I'm trying to use a state-space model to estimate population demographics (fecundity, survivorship, population growth, population size). We have 4 different age states.
# J0 = number of individuals 0-1
# surv1 = survivorship from 0-1
# J1 = number of individuals 0-1
# surv2 = survivorship from 1-2
# J2= = number of individuals 0-1
# surv3 = survivorship from 2-3
# J3= number of individuals 0-1
# survad = survivorship >3 "adult")
# Data as vectors (Talek clan from 1988-2013)
# X0 = individuals 0-1 in years
# X1 = individuals 1-2 in years
# X2 = individuals 2-3 in years
# X3 = individuals 3+ in years
# Total = group size
X0 <- c(7, 9, 4, 8, 9, 5, 8, 5, 7, 5, 5, 8, 10, 3, 5, 7, 2, 6, 6, 11, 14, 12, 15, 9, 10)
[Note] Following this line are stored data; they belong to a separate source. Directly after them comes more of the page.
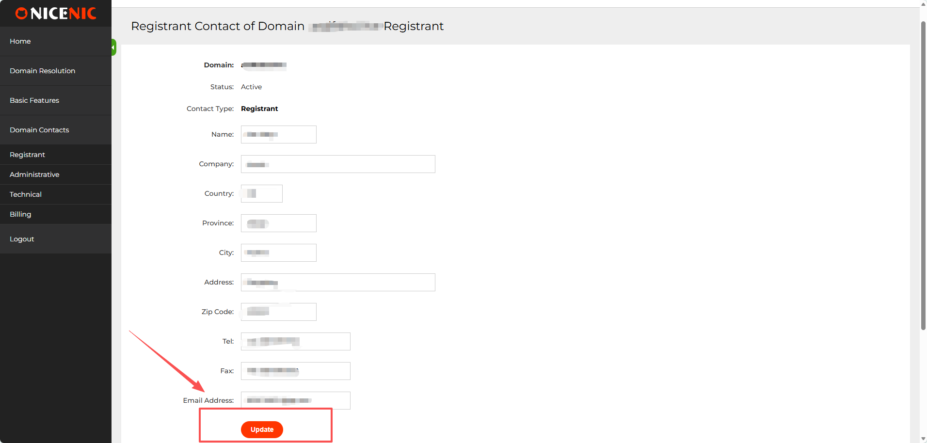 Seleccione el botón Mi Cuenta Mis Productoos > Nombre de dominio. Encuentre el nombre de dominio cuya infomación WHOIS desea modificar.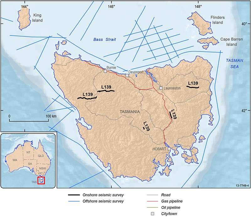 Leveraging off the timing and location of the Mount Isa-Georgetown-Charters Towers surveys, AuScope, which is a National Collaborative Research Infrastructure Scheme, funded 205 kilometres of seismic reflection line (see Figure 14). This line, 07GA-A1 was designed to image the Tasman Line and provide information on the structure and evolution of this part of the Australian continent.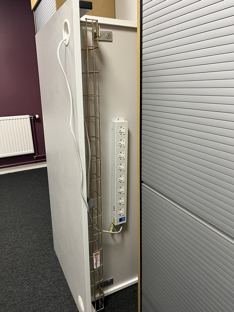 White desk with 8 power points & cable tray 89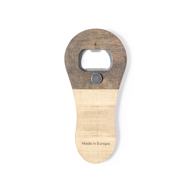 Apribottiglia magnetico in legno naturale con originale finitura bicolore. Con meccanismo di apertura in metallo, ampia superficie per la stampa e logo Made In Europe.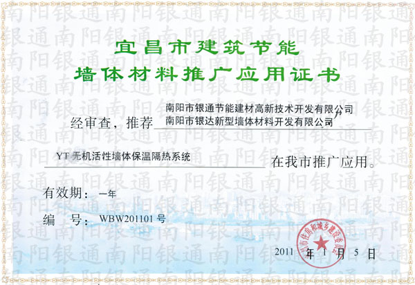 宜昌市建筑節(jié)能墻體材料推廣應(yīng)用證書 經(jīng)審查,推薦南陽市銀通節(jié)能建材高新技術(shù)開發(fā)有限公司,南陽市銀達(dá)新型墻體材料開發(fā)有限公司,YT無機(jī)活性墻體保溫隔熱系統(tǒng)在我市的推廣應(yīng)用。 有效期:一年 編號:WBW201101號 2011年1月5日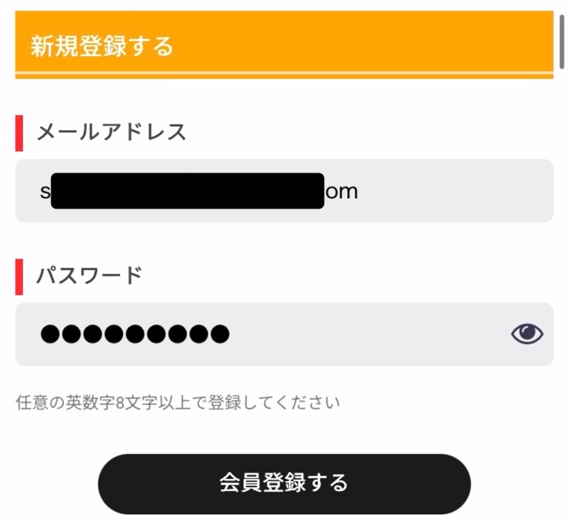 下にスクロールしていくと「新規登録する」という項目がでてくるので任意のメール&パスワードを打ち込んで『会員登録する』をタップして次のページに移ります。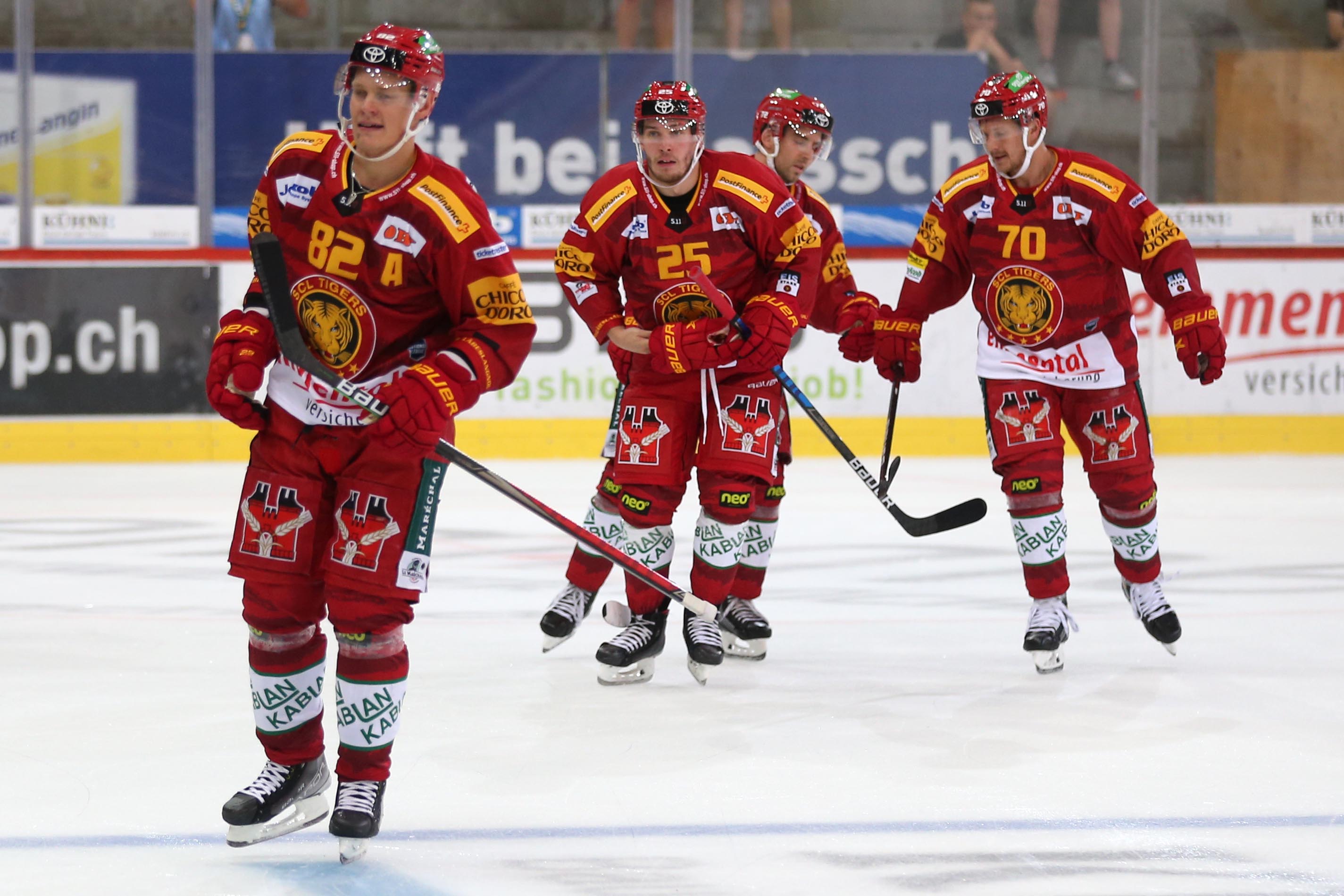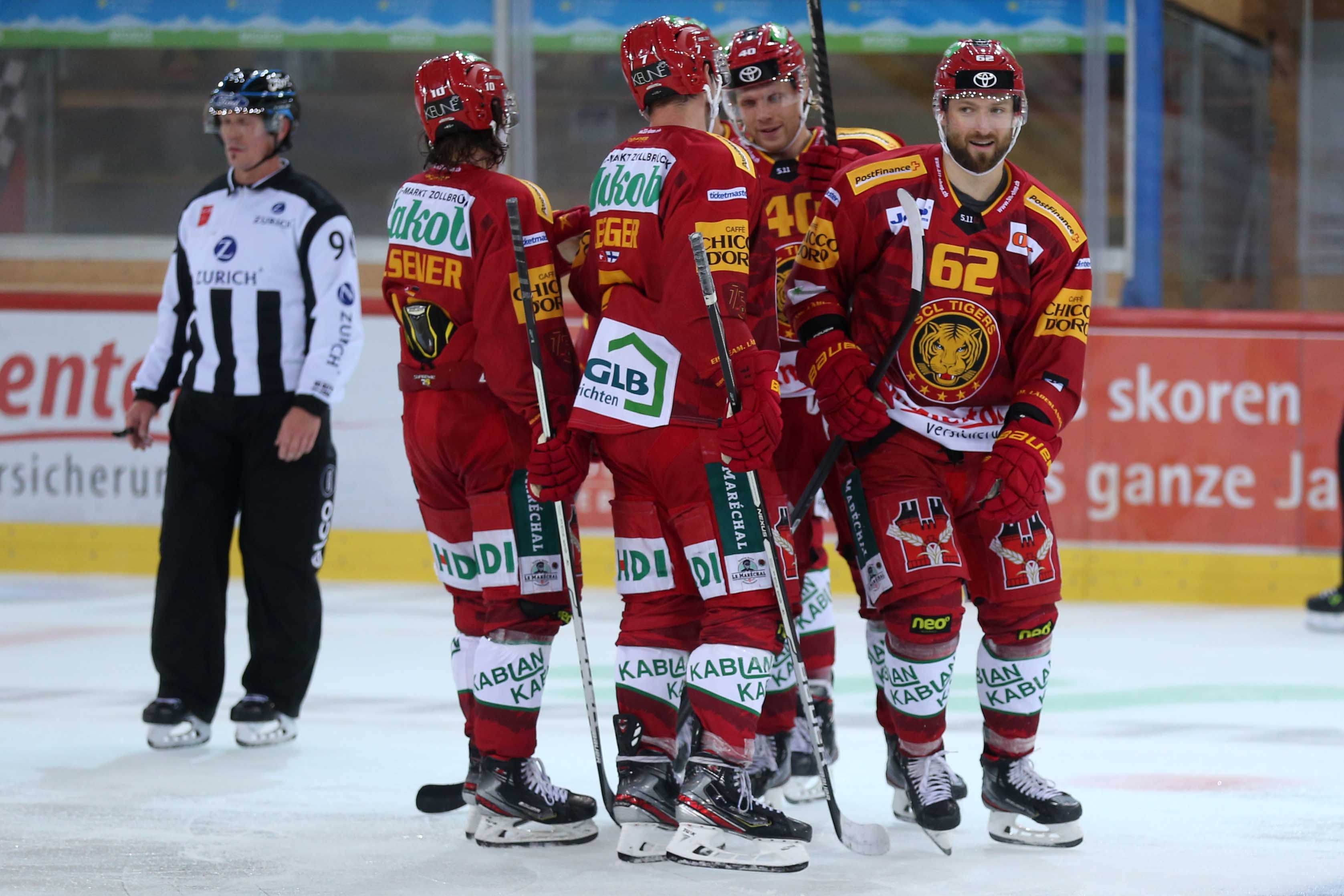 SCL Tigers: Punnenovs; Erni, Huguenin; Elsener, Leeger; Grossniklaus, Blaser; Guggenheim; Pesonen, Saarela, Petrini; Sturny, Schmutz J., Berger; Olofsson, Grenier, Weibel; Loosli, Diem, Langenegger; Dostoinov, Salzgeber;

X1 <- c( 4, 4, 3, 4, 8, 5, 2, 4, 3, 4, 4, 5, 3, 7, 0, 5, 6, 3, 3, 5, 10, 12, 10, 13, 8)
X2 <- c(3, 2, 3, 3, 3, 8, 4, 1, 1, 2, 2, 4, 2, 2, 5, 0, 5, 5, 4, 3, 3, 10, 12, 7, 10)
X3 <- c(18, 16, 13, 16, 29, 29, 26, 22, 21, 18, 16, 15, 16, 15, 11, 14, 9, 12, 16, 18, 21, 23, 33, 32, 31)
Total <- c(32, 31, 23, 31, 49, 47, 40, 32, 32, 29, 27, 32, 31, 27, 21, 26, 22, 26, 29, 37, 48, 57, 70, 61, 59)
Here's the BUGS code:
sink(file = "HyenaIPM_all.txt")
cat("
model {
# Specify the priors for all parameters in the model
N.est[1] ~ dnorm(50, tau.proc)T(0,) # Initial abundance
mean.lambda ~ dunif(0, 5)
sigma.proc ~ dunif(0, 50)
tau.proc <- pow(sigma.proc, -2)
for (t in 1:TT) {
fec[t] ~ dunif(0, 5) # per capita fecundidty
surv1[t] ~ dunif(0, 1) # survivorship from 0-1
surv2[t] ~ dunif(0, 1) # survivorship from 1-2
surv3[t] ~ dunif(0, 1) # survivorship from 2-3
survad[t] ~ dunif(0, 1) # adult survivorship
}
# Estimate fecundity and survivorship
for (t in 2:TT) {
# Fecundity
J0[t+1] ~ dpois(survad[t]*fec[t])
J0[t+1] <- J3[t] * fec[t]
# Survivorship
J1[t+1] ~ dbin(surv1[t], J0[t])
J1[t+1] <- J0[t]*surv1[t]
J2[t+1] ~ dbin(surv2[t], J1[t])
J2[t+1] <- J1[t]*surv2[t]
J3[t+1] ~ dbin(surv3[t], J2[t-1])
J3[t+1] <- J2[t]*surv3[t] + J3[t]*survad[t]
A[t+1] ~ dbin(survad[t], A[t])
A[t+1] <- J3[t]*surv3[t] + A[t]*survad[t]
# Lambda
lambda[t+1] ~ dnorm(mean.lambda, tau.proc)
N.est[t+1] <- N.est[t]*lambda[t]
}
# Population size
for (t in 1:TT){
N[t] ~ dpois(N.est[t])
}
}
", fill = T)
sink()
# Parameters monitored
sp.params <- c("fec", "surv1", "surv2", "surv3", "survad", "lambda")
# MCMC settings
ni <- 200
nt <- 10
nb <- 100
nc <- 3
# Initial values
sp.inits <- function()list(mean.lambda = runif(1, 0, 1))
#Load all the data
sp.data <- list(N = Total, TT = length(Total), J0 = X0, J1 = X1, J2 = X2, J3 = X3)
library(R2jags)
hyena_model <- jags(sp.data, sp.inits, sp.params, "HyenaIPM_all.txt", n.chains = nc, n.thin = nt, n.iter = ni, n.burnin = nb)
Unfortunately, I get the following error when I run the code.
Error in jags.model(model.file, data = data, inits = init.values, n.chains = n.chains, :
RUNTIME ERROR:
Index out of range for node J0
Does anyone have any suggestions for why we get this error? Not sure why the distribution would be wrong for J0.
This is a very informative error message. The index for J0 is t+1 which ranges from 2+1 to TT+1, but J0 has length TT. So when the index is TT+1 it is out of range since it is larger than TT.